WHAT TO DO — Give the records again. Keep them exact and leave out the images.

(Records from a collection)
======

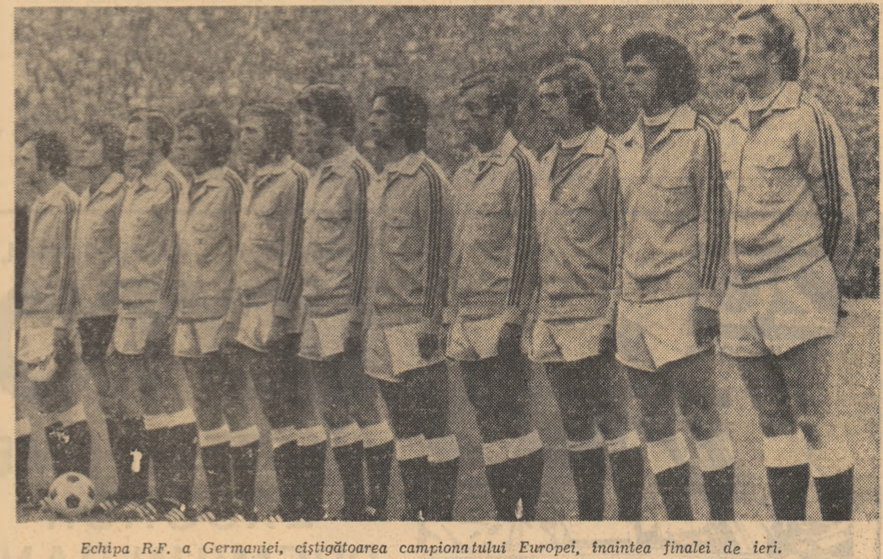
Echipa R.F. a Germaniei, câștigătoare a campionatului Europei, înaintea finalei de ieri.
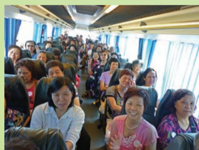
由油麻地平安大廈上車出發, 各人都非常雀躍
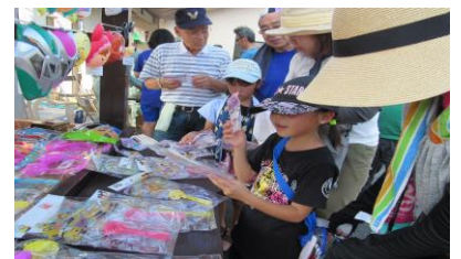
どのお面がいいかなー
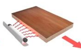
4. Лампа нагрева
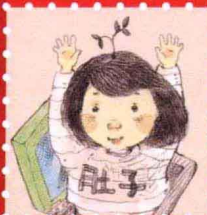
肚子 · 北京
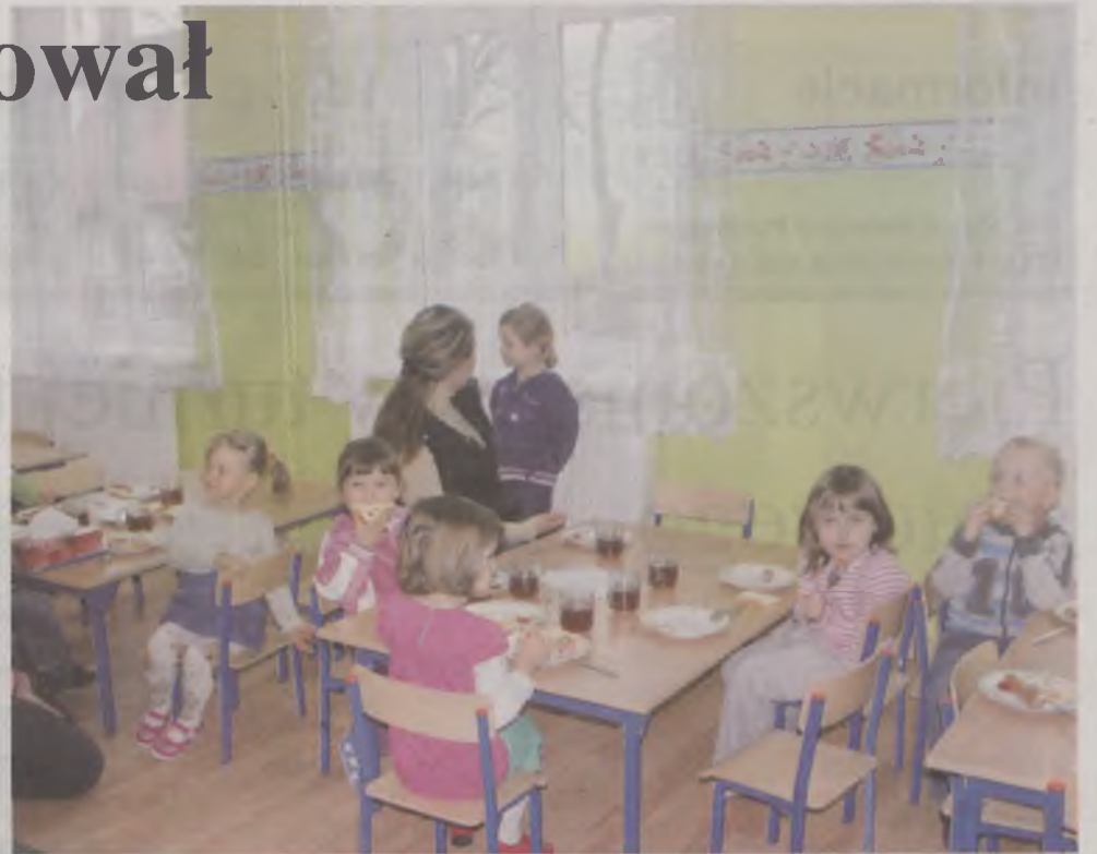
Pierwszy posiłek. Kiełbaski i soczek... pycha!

======

RESULT OF THIS EXERCISE —
Echipa R.F. a Germaniei, câștigătoare a campionatului Europei, înaintea finalei de ieri.
由油麻地平安大廈上車出發, 各人都非常雀躍
どのお面がいいかなー
4. Лампа нагрева
肚子 · 北京
Pierwszy posiłek. Kiełbaski i soczek... pycha!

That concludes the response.